杜文甚觉冤枉,想和她辩解又怕哪句话被她抓住了把柄。他在心里紧张地暗暗把他们认识以来发生的每一件事都梳理过去,可也想不到自己到底在哪里把她逼到了极处。
紧张地想了半天,才敢小心翼翼地说:“我好像没有哪里逼迫过你吧?”
这辈子好像真的没有。可是上辈子很多呀。
翟思静低头说:“你说没有就没有吧,反正我也没有鞭子棍子可以打着你问。别人受冤屈都是活该的,只有你是受不了冤枉的。”
半嗔半怪的一段话说完,还抬眼哀怨地剜了他一眼。
杜文很认真地说:“我这个人眼里不揉沙子,对不起我的人,我都不会放过,但也不愿意冤枉好人。我要翟家阖族的人,确实有因为你欺骗背叛我在前,但也有我要探查我父汗死因这一层。”
先帝驾崩,翟家的手上大概不算干净,某一角度说,也是家主的决策之后应该承当的后果。
翟思静低头不语,好一会儿说:“我的错,我来承担。他们的事,我并不知晓,也不敢乱为他们求情。”
她双目朦胧:“但求你听一句:‘三木之下,何供不可得?’你是一国的之主,要的是真相,还是个发难的由头,处置起来是不一样的;给朝堂之上人们的感受也是不一样的。”

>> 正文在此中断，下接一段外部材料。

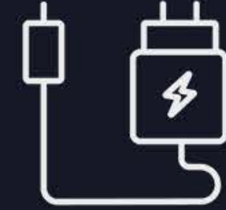
Charger and power supply (battery or generator)
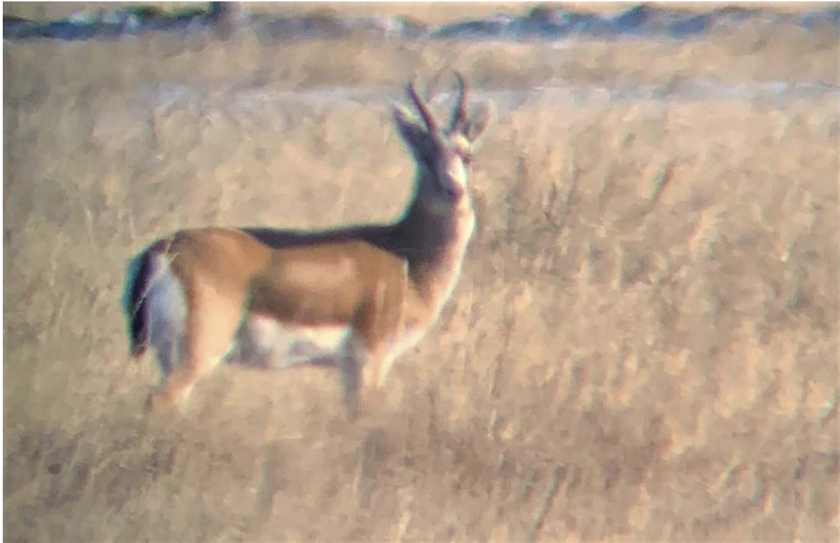
Fig. 3. Adult male of Goitered gazelle in Transbaikalia, Solovievsk, 11 January 2020, 49.93°N, 112.867°E, photo by Petr Khramov.

to assess forage supply for wild ungulates. Habitats of both species in Mongolian territories underwent a striking change with the loss of feeding ability as a result of droughts and overgrazing by livestock, which numbers increasing from 30 000 000 to 71 000 000 animals between in 2000 and 2019 (Mongolian Statistical Information Service). Another factor is the disturbance of Mongolian gazelles by people and domestic dogs. This influence lesser in Zabaikalsky Krai than in Mongolia (Kirilyuk, unpubl.) that supposedly can also determine gazelle expansion from Mongolia into Russia. The emerging signs of the rapid relocation of the Mongolian gazelle into Russia is a great threat to transboundary migratory groups and may be a harbinger of the global population's vulnerability. Development of monitoring system to track the main population parameters and adoption of long-term conservation measures are extremely urgent.
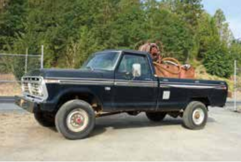
1 of 3 – Ford F250 4x4
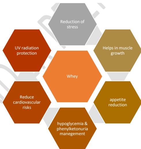
Figure-3 showing the health benefits of whey proteins in various forms
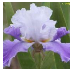
TWO OF A KIND
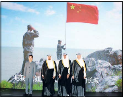
Photos during His Highness the Crown Prince Sheikh Mishal Al-Ahmad Al-Jaber Al-Sabah visit to China.
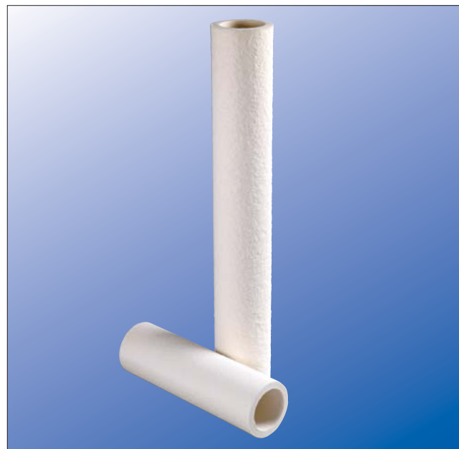
Profile Coreless Filter Element

The Profile Coreless filter element is manufactured to a very high standard of quality assurance and cleanliness, and in accordance with BS EN ISO 9001:2008.
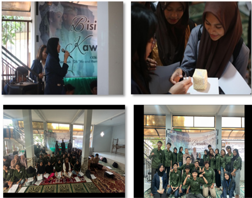
Figure 6. Closing

their pre-test ones at a Mean Rank of 18.00. Additionally, seven people had identical post-test scores to their pre-test ones, thereby presenting no change. Table 1 displays the difference test results.
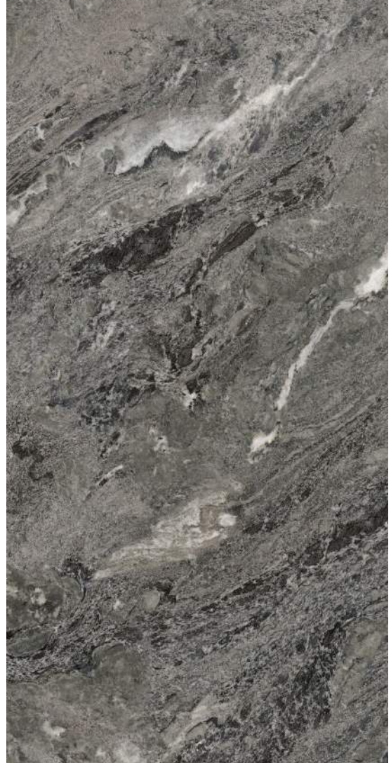
SPACE Brushed Finish

60 x 120 cm (24" x 48") BC.CO.HVN.2448.BD
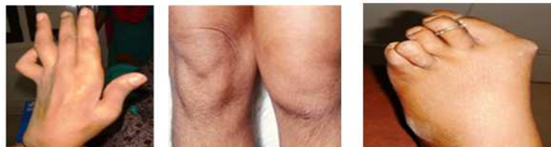
Fig 3: Inflammation in joints
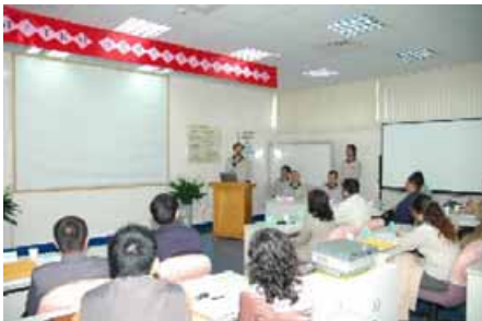
Explaining our green procurement system to suppliers (Taiwan Mabuchi)

We in the Mabuchi Group will continue to promote green procurement so that we can always produce environmentally friendly motors.
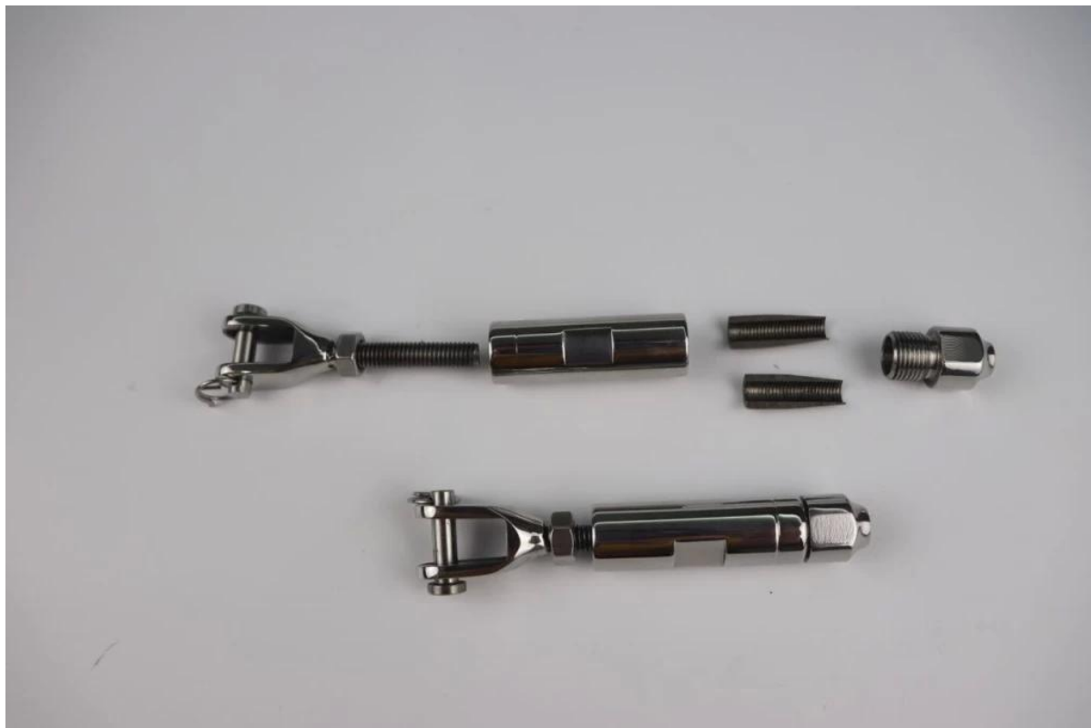
Cable fitting T803 with screw fixing into timber
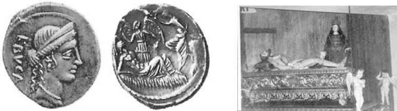
1.a Ov : Venus Genetrix; Rv : Cremation of Caesar; 1.b Figures of Good Friday

As far as the crucifixion is concerned, it is ignored, but the first one occurred with Caesar himself. At his funeral his body lay in a shrine made after the model of the temple of Venus Genetrix, placed on the rostra, with a tropaemum at its head, on which hung his blood-stained robe; the consul Antony lifted it with his lance making it flutter; and a wax effigy of his martyred body was hoisted above the bier and shown to the people who, seeing the wounds, revolted against the murderers. 9 This was considered his posthumous victory, his resurrection, if we judge by the coin minted to celebrate the event: 10
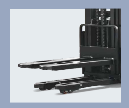
Tandem load whee
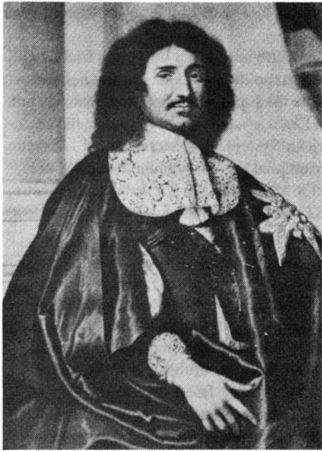
Left: French minister Jean-Baptiste Colbert (1619-83) put science to work to develop the nation-state; right: Austrian Chancellor Clemens von Metternich (1773-1859) dedicated his life to suppressing science and national freedom.
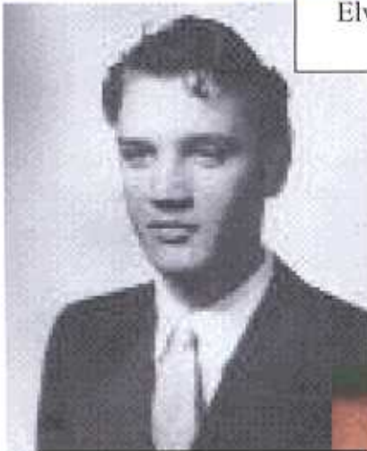
Elvis the Early Years
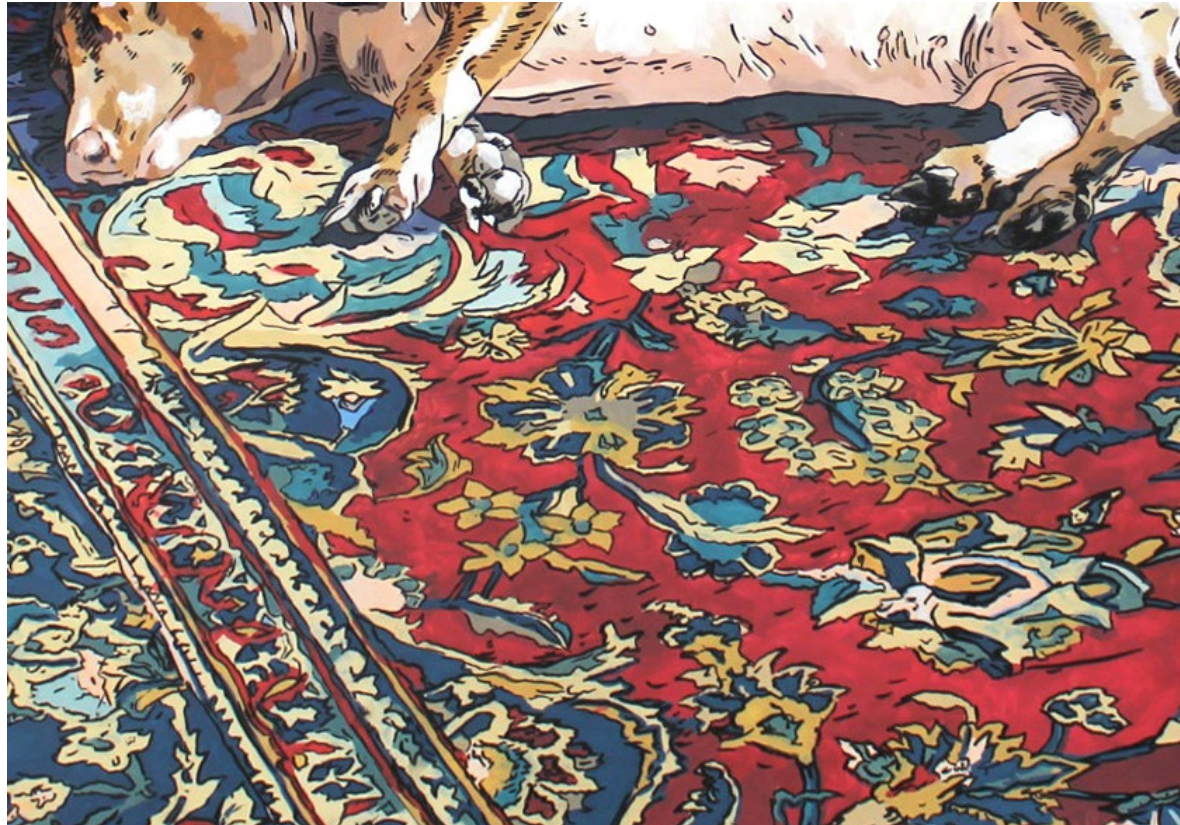
Detail of Minu
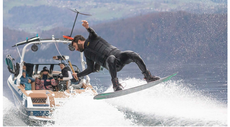
Honu Wassersportcenter
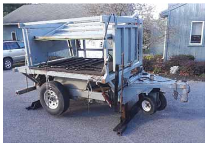
Hydraulic-driven front wheels on self-propelled hoof trimming table make it easy to back into tight spaces. A front jack stand raises wheels off the ground for hooking up unit's gooseneck hitch.
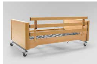
Clamp-on safety side bar.
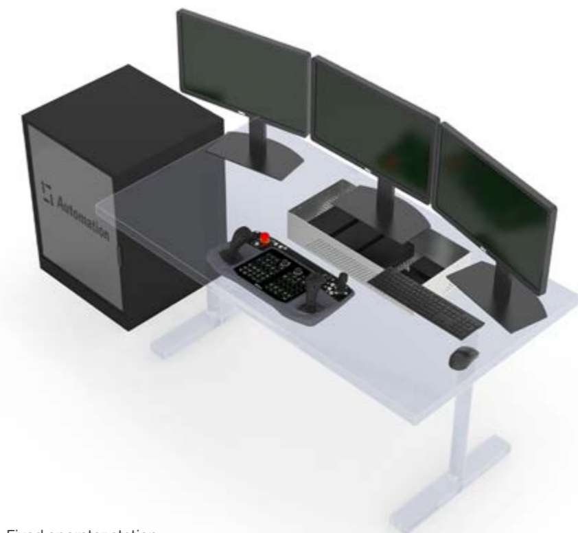
Fixed operator station.
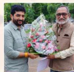
Shri Murlidhar Mohol, Union Minister & Trinity Chairman
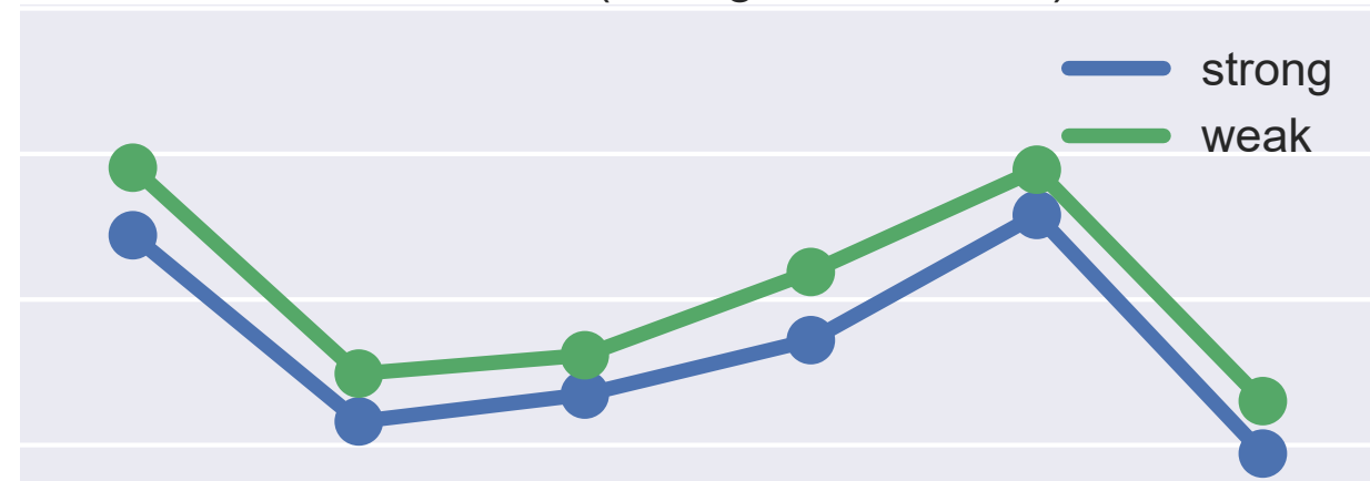
condition = (strong/weak, hover)

杜文认真地听她说,竟有一点刮目相看的感觉,此刻点点头说:“你离开我,若是有苦衷,我也不是不能理解。我不需要你承担罪责……”
他也舍不得。
于是又说:“现在,你乖乖听话,不和我闹幺蛾子,我也不想怎么样你。吃饭吧。”
再一次把一筷子肉搛到她嘴边。
翟思静依然没有张口——哪怕是身如囚犯,有求于他,也没有张口。在杜文眉头渐渐虬结起来之际,她说:“大汗,我不是稚子幼儿,我自己会吃,我喜欢吃什么,我可不可以自己选?”
杜文讪讪地放下筷子,解释道:“我怕你饿伤了自己。”
翟思静微微一笑,说:“肚子饿了要吃饭是人的本能,除非是刻意;我若刻意饿伤自己,想必是想威胁谁。你也知道动不动威胁可恶……”眼睛一剜他,嗔色天然带着动情的妩媚,言下之意明确:知道威胁可恶,你还老威胁我做什么?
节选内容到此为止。